→ What to work on: Set down precisely the lines from the line with "The Pram Contemporary" through the end of the material, inclusive, and no pictures.

→ Stored data:
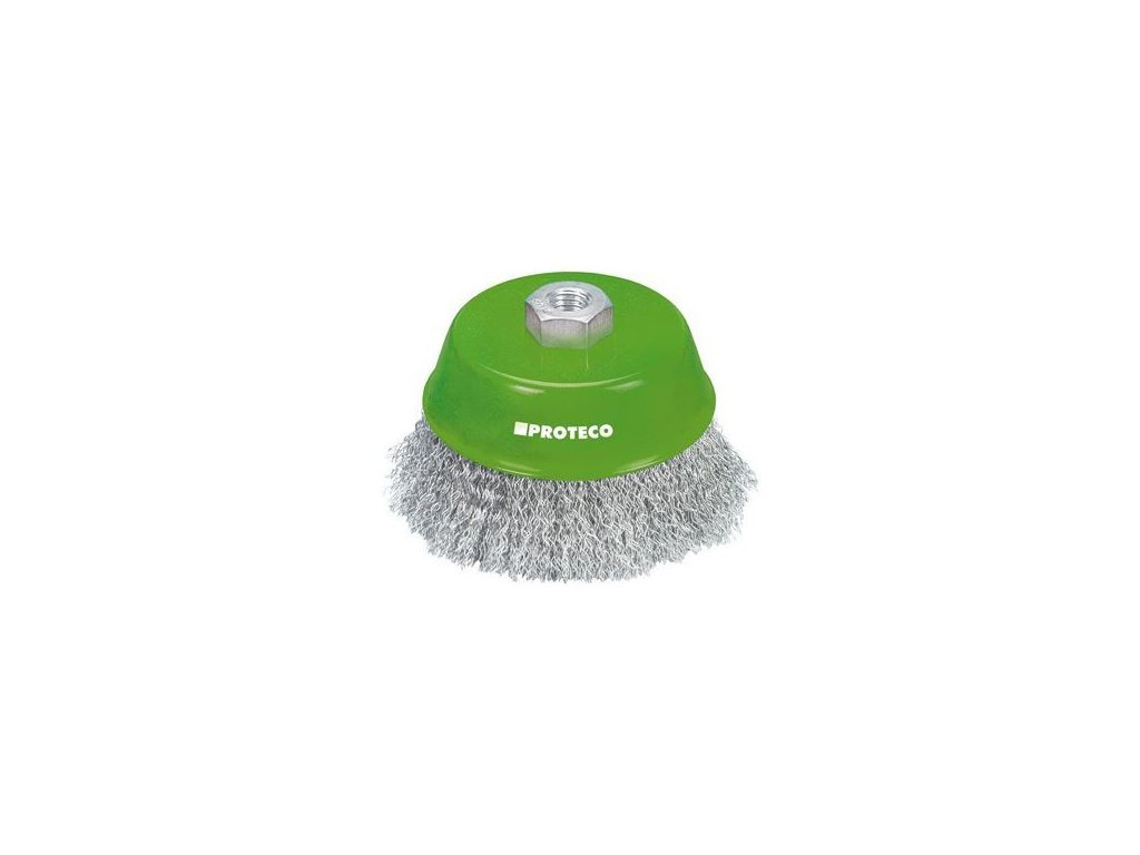 Hrnčeková kefa 100 mm nerez predstavuje nástroj na zbavenie korózie, leštenie alebo odstraňovanie nečistôt z materiálov rôznych veľkostí aj tvarov najmä potom ocele. Hrnčeková kefa sa tak stáva vhodným nástrojom pre prácu doma, v dielni aj na záhrade. Je vyrobená z veľmi vydarenej a vyváženej kombinácie chróm-vanádiovej ocele a ušľachtilej ocele, garantujúci vysokú mieru bezpečnosti, nízkej hodnoty vibrácií a tým aj pokoja kefy v behu. Vďaka upínacej matici so závitom M14 a stúpaním 2, je ideálna pre prakticky všetky moderné uhlové brúsky.
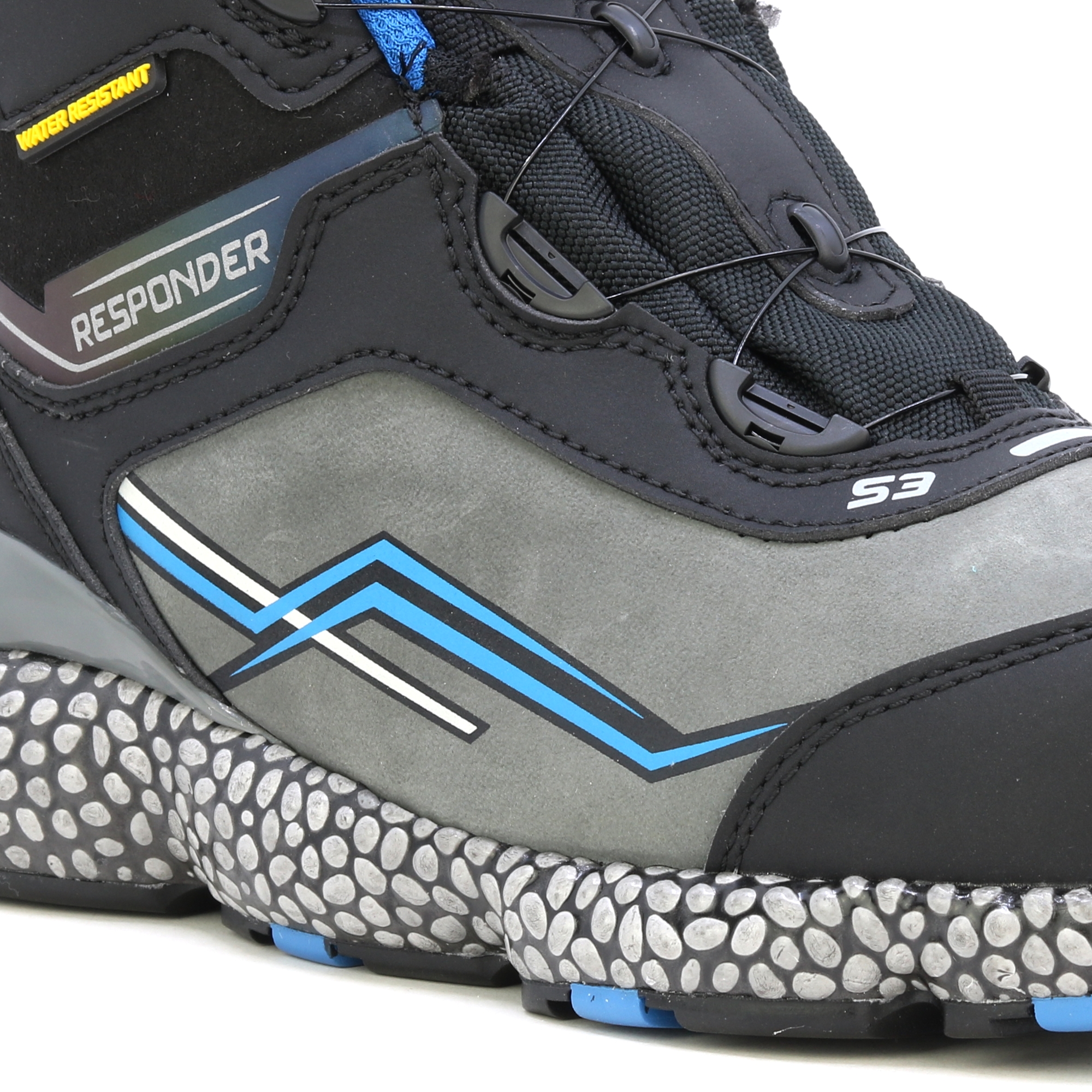 The RESPONDER insole is composed of a compound that bounds together thousands of E-TPU beads with high elasticity and resilience properties. Lined and perforated in the plantar area with outstanding anti-shock properties. Antistatic.
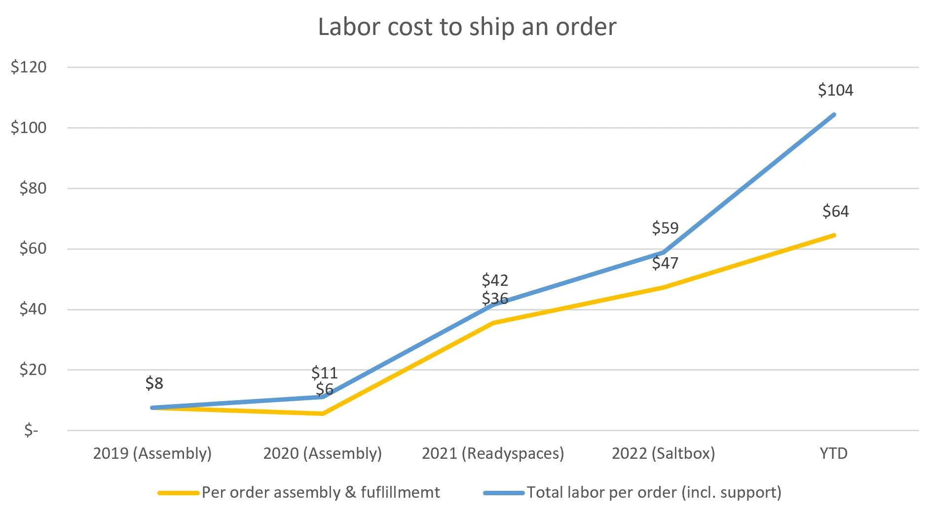 Around the same time, I had a suspicion that our warehouse and client support operations had become wildly inefficient, so I decided to take a look at what it was costing us (in labor alone) to ship an order. I discovered that we had gone from $8 per order in 2019 to $104 per order in 2023, an order of magnitude jump in costs with no appreciable improvement in the client experience.
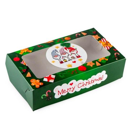 Ціна на Коробка для еклерів, зефіру з вікном Гномики зелена, 20х11,5х5 см дорівнює 18 грн.
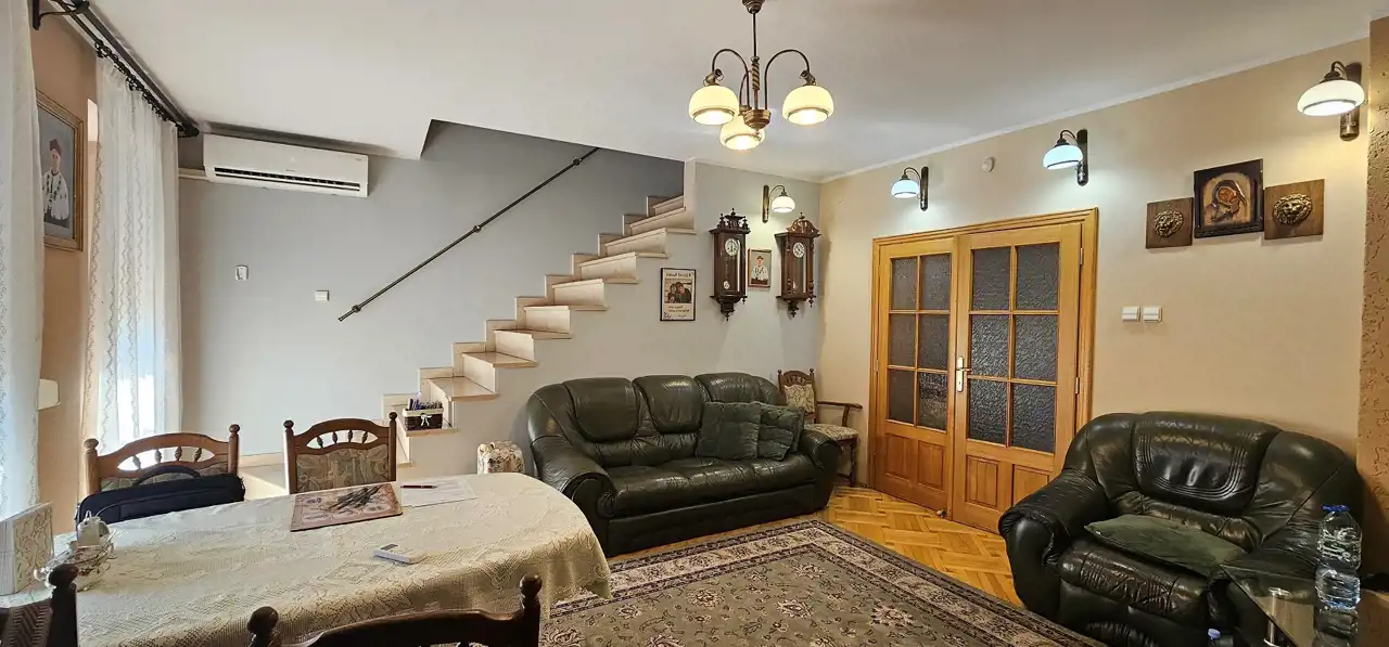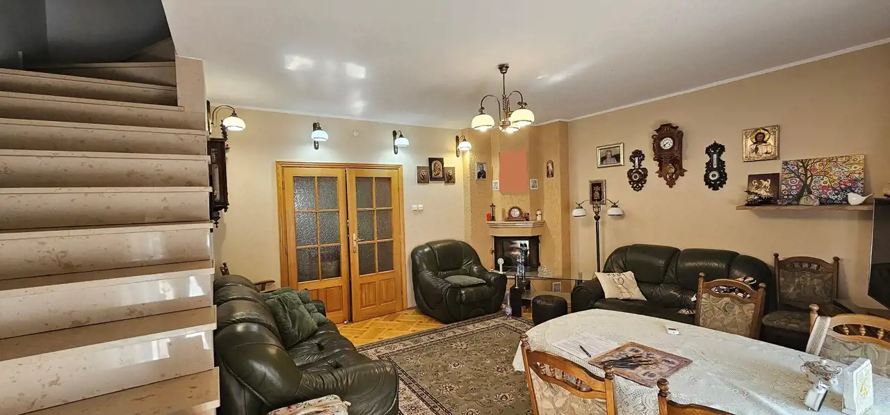 trzech kondygnacjach + strych. Suterena zrobiona na mieszkalną, wysoki parter, pierwsze piętro i zagospodarowany strych. Suterena może stanowić odrębne mieszkanie. Powierzchnia działki 132 mkw. salon, 3 sypialnie, 2 łazienki, wc, garaż. Ogrzewanie i ciepła woda miejskie. Kanalizacja miejska. Klimatyzacja. Światłowód. Dach po remoncie. Bardzo dobra izolacja budynku. Umeblowanie do uzgodnienia.
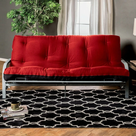 The Pram Contemporary Fabric Futon Mattress with Innerspring brings comfort home. Update and refresh your futon frame with this luxurious foundation by Furniture of America. With a choice of red or black fabric, you can bring a pop of color and style to a range of different interior decors. Featuring a soothing cotton and polyester blend fabric, the futon mattress offers soft tufted accents and six inches of comforting foam filled cushion that will fit most futons. With innersprings for ample support, you can be assured that your guests will enjoy a good night’s sleep or a cozy spot to curl up.
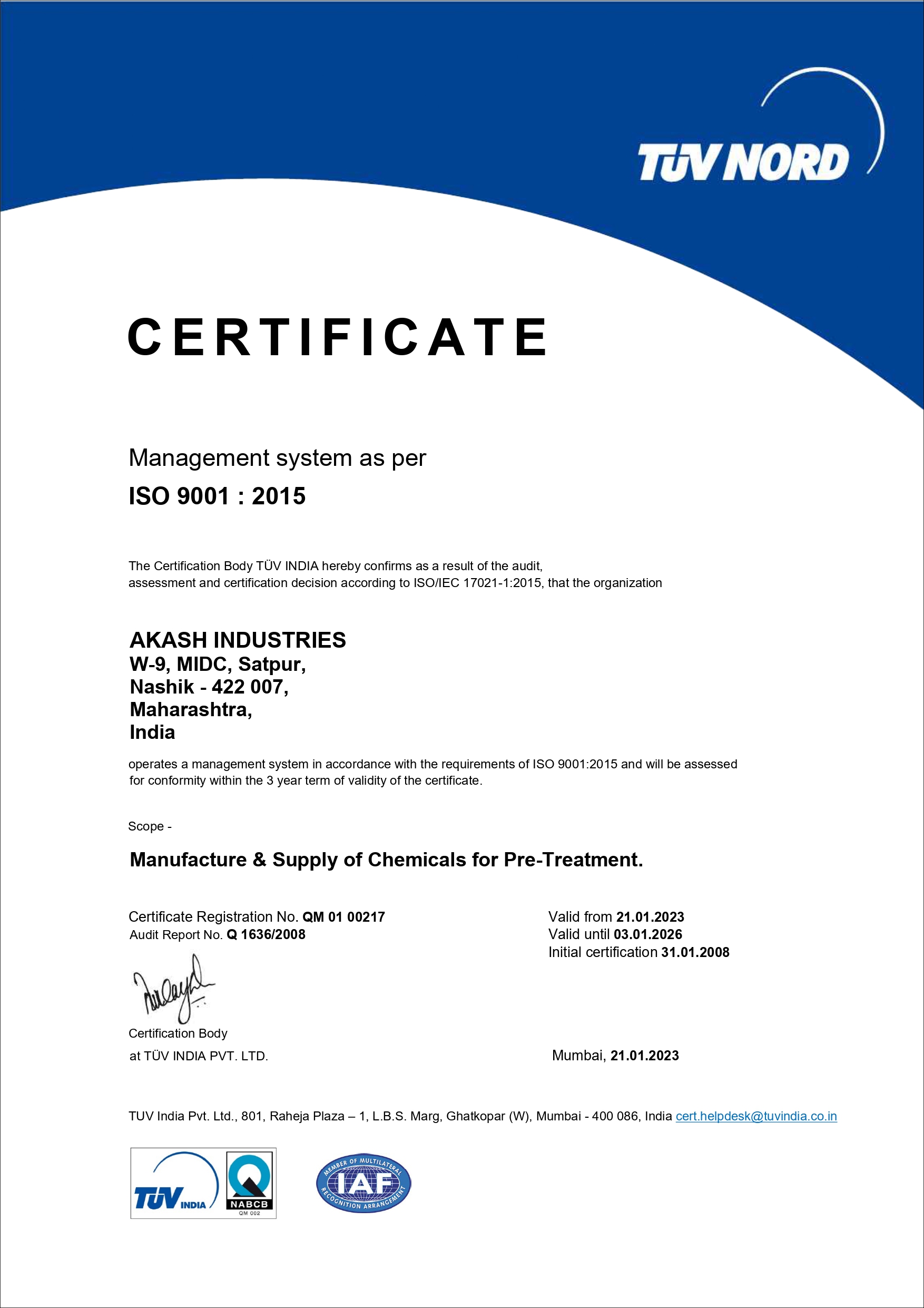 We at akash industry will manufacture surface treatment chemical’s for powder coating industry with consistent quality by using quality raw material, quality management system, advance technology. Continual changes in product as per market requirement providing on time delivery and service by proper supply chain.
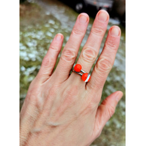 Prsten je vyrobený z nerezové oceli, skla a stříbra. Každý kus je originál.
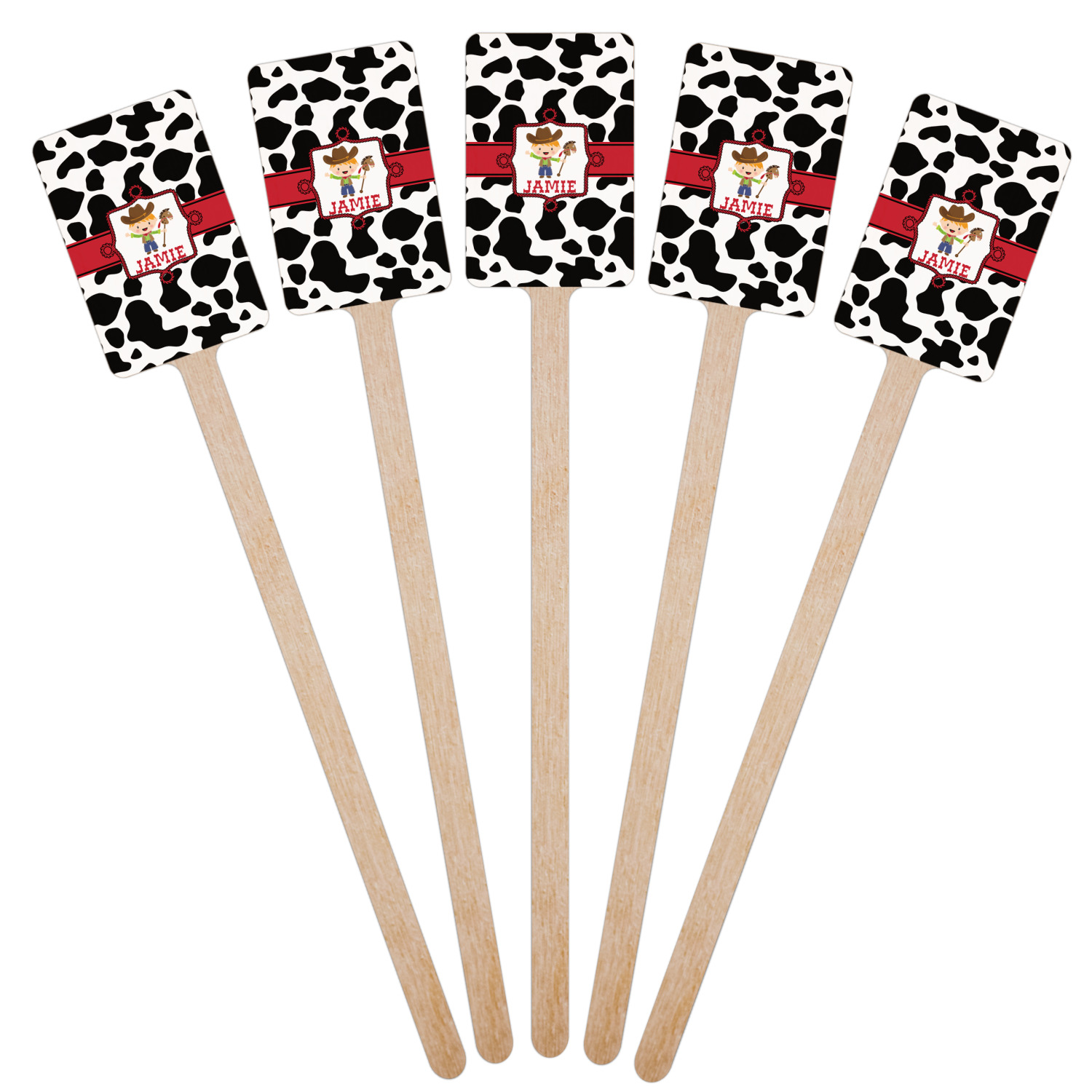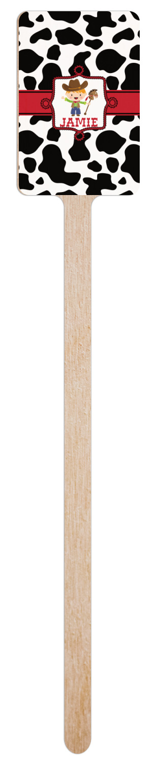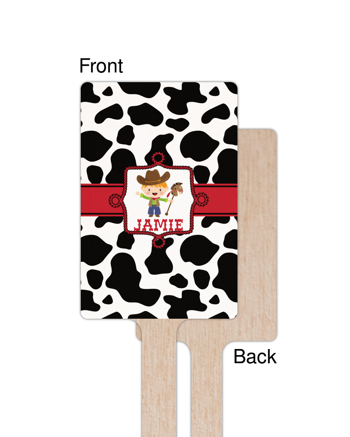 This western themed design is perfect for a cowboy or cowgirl. The background is cow print, with a red ribbon in the center. The label is made of rope and you can customize it by choosing a cowgirl or a cowboy.

→ Response to this exercise:
 The Pram Contemporary Fabric Futon Mattress with Innerspring brings comfort home. Update and refresh your futon frame with this luxurious foundation by Furniture of America. With a choice of red or black fabric, you can bring a pop of color and style to a range of different interior decors. Featuring a soothing cotton and polyester blend fabric, the futon mattress offers soft tufted accents and six inches of comforting foam filled cushion that will fit most futons. With innersprings for ample support, you can be assured that your guests will enjoy a good night’s sleep or a cozy spot to curl up.
 We at akash industry will manufacture surface treatment chemical’s for powder coating industry with consistent quality by using quality raw material, quality management system, advance technology. Continual changes in product as per market requirement providing on time delivery and service by proper supply chain.
 Prsten je vyrobený z nerezové oceli, skla a stříbra. Každý kus je originál.
 This western themed design is perfect for a cowboy or cowgirl. The background is cow print, with a red ribbon in the center. The label is made of rope and you can customize it by choosing a cowgirl or a cowboy.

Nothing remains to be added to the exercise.